BEGIN PROVIDED INFORMATION

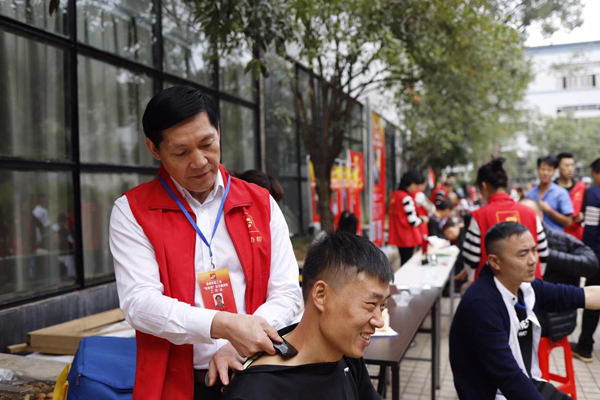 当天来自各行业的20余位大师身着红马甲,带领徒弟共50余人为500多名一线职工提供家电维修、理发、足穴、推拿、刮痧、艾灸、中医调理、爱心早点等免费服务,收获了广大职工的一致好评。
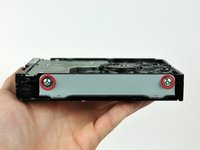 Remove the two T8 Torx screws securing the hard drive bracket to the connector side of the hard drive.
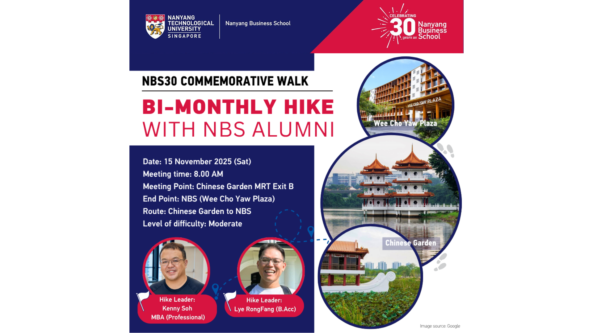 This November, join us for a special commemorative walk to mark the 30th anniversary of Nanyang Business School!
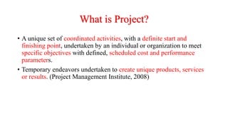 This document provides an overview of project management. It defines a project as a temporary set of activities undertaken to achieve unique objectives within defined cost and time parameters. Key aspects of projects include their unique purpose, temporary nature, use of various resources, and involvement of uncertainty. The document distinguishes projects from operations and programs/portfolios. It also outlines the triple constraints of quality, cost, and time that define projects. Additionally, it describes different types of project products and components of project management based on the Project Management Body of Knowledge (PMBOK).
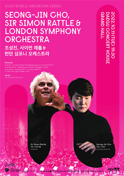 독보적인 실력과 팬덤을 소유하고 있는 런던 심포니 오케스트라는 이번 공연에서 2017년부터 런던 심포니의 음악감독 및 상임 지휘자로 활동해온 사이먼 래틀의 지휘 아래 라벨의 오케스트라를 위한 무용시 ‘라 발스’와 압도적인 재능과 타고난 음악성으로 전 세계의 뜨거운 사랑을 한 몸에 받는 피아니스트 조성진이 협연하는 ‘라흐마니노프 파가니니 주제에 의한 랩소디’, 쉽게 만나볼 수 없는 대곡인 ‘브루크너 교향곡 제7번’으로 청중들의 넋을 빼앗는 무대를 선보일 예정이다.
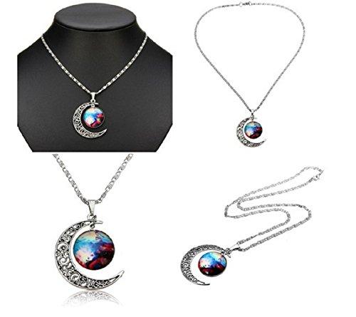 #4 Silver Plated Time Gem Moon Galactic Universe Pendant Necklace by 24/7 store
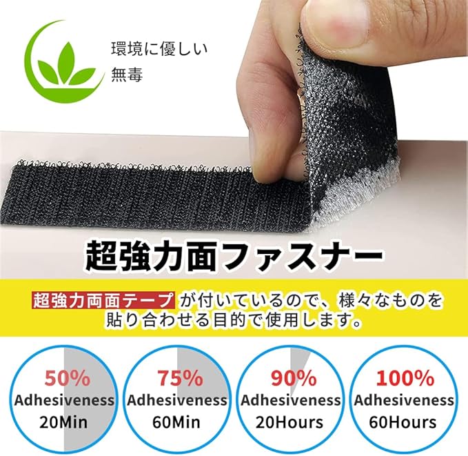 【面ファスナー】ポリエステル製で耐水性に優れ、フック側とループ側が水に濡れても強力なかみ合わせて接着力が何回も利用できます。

END PROVIDED INFORMATION
BEGIN PROVIDED INFORMATION

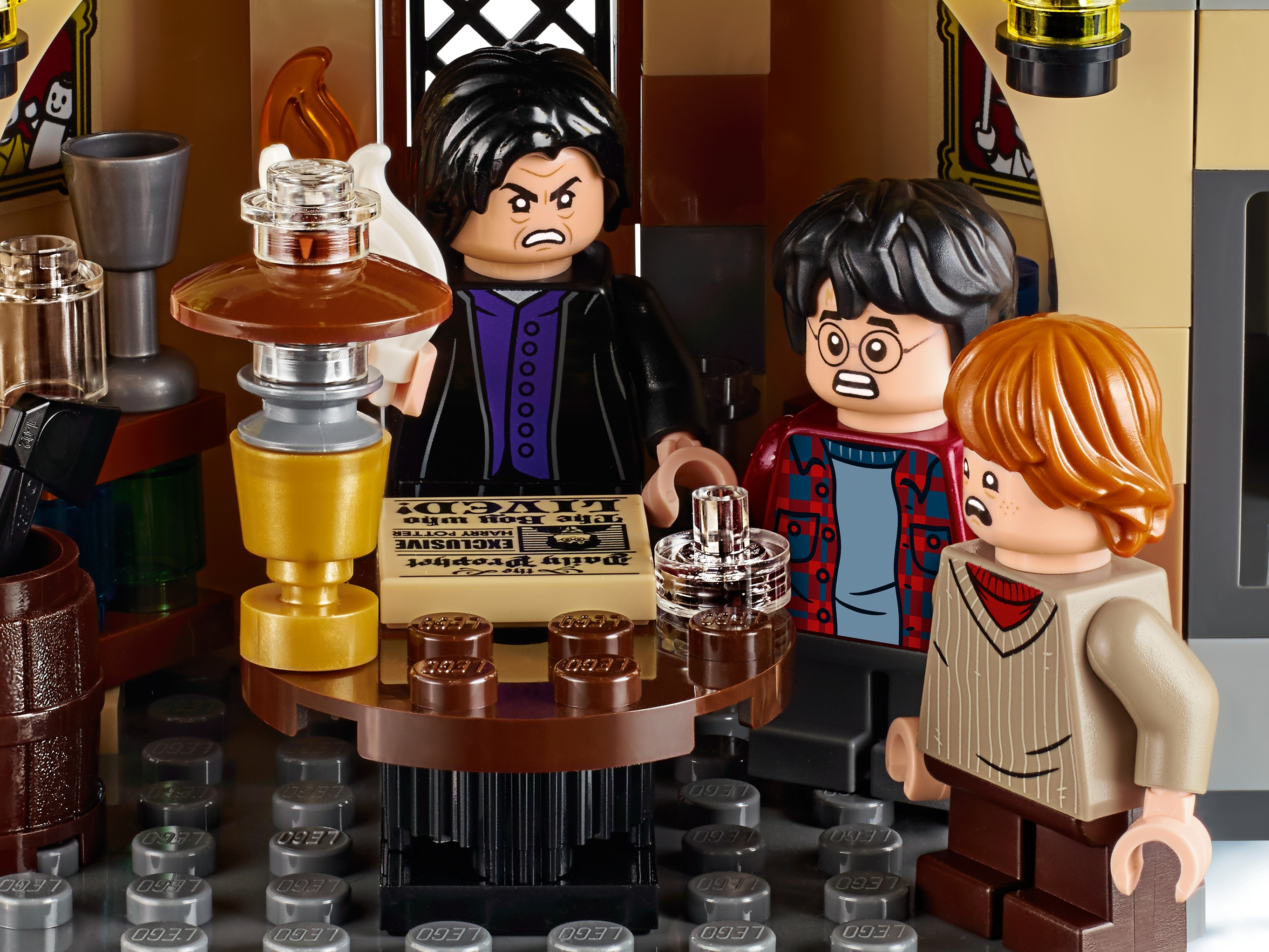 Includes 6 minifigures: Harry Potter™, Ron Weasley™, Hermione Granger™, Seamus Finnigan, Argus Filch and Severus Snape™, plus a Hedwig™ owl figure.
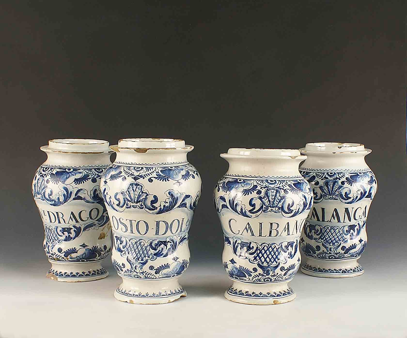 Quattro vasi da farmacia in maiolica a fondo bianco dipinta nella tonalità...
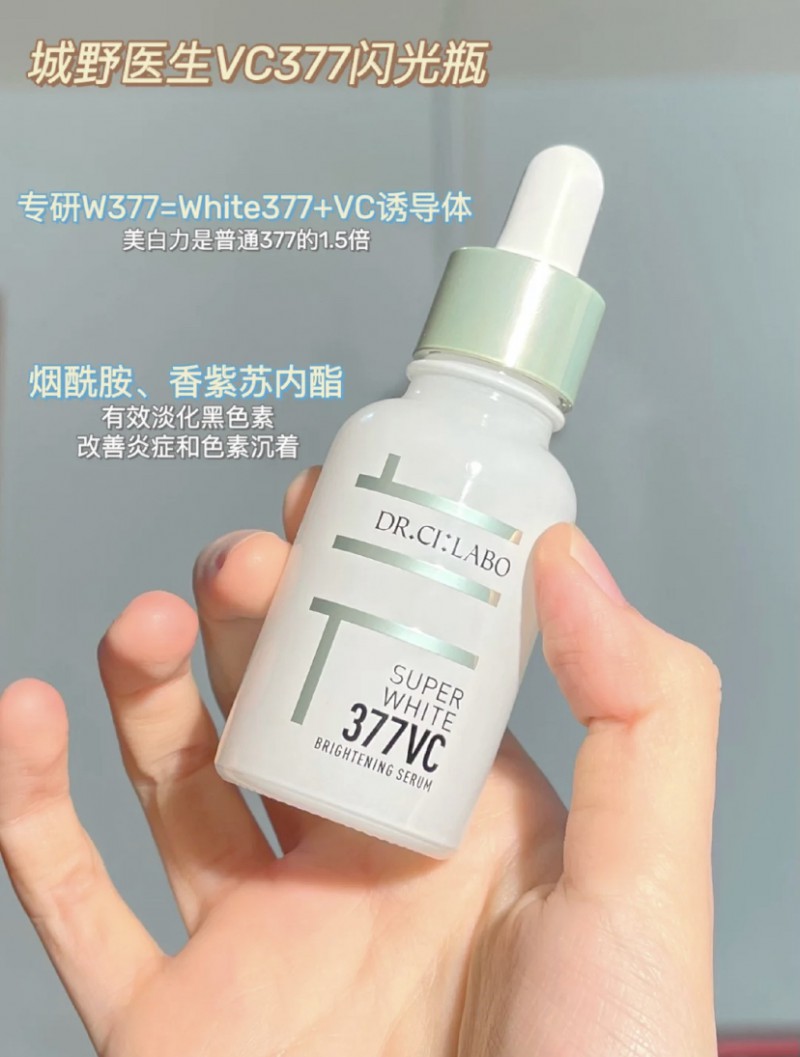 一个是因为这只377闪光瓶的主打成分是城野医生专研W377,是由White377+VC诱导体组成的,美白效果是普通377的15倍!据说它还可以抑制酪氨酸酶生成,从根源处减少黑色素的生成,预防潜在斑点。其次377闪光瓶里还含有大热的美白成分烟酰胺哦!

END PROVIDED INFORMATION
BEGIN PROVIDED INFORMATION

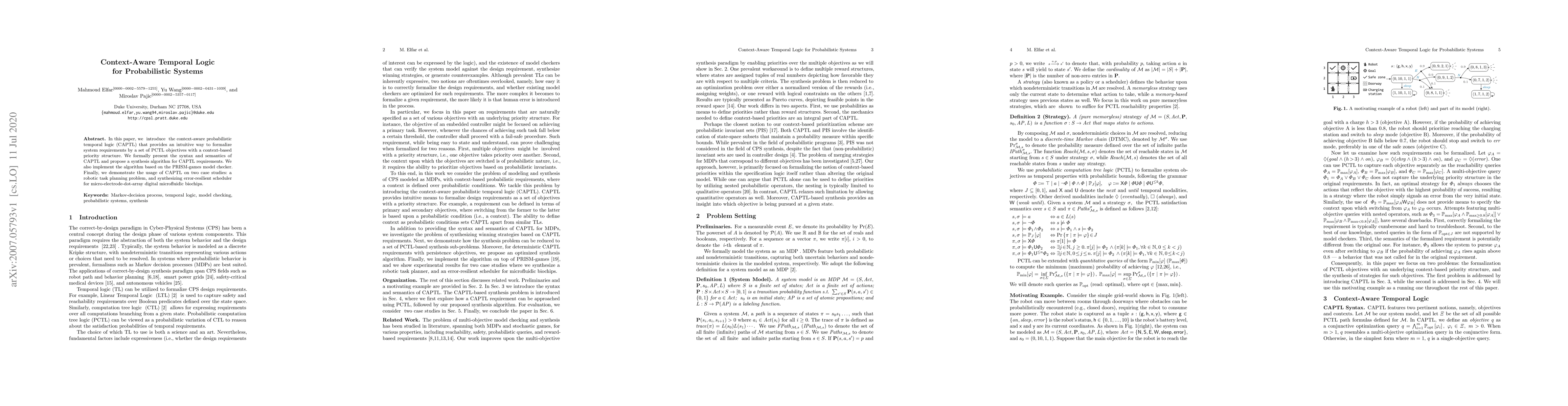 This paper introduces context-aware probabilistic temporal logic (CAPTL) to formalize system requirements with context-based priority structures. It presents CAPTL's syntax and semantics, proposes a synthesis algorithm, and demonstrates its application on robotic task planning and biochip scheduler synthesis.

END PROVIDED INFORMATION

• **YOUR GOAL**: What is needed is an exact copy of the lines above from the one with "Remove the two" to the one with "This November, join", both ends kept, and nothing more; please leave the pictures out.

• **TASK OUTPUT**:
 Remove the two T8 Torx screws securing the hard drive bracket to the connector side of the hard drive.
 This November, join us for a special commemorative walk to mark the 30th anniversary of Nanyang Business School!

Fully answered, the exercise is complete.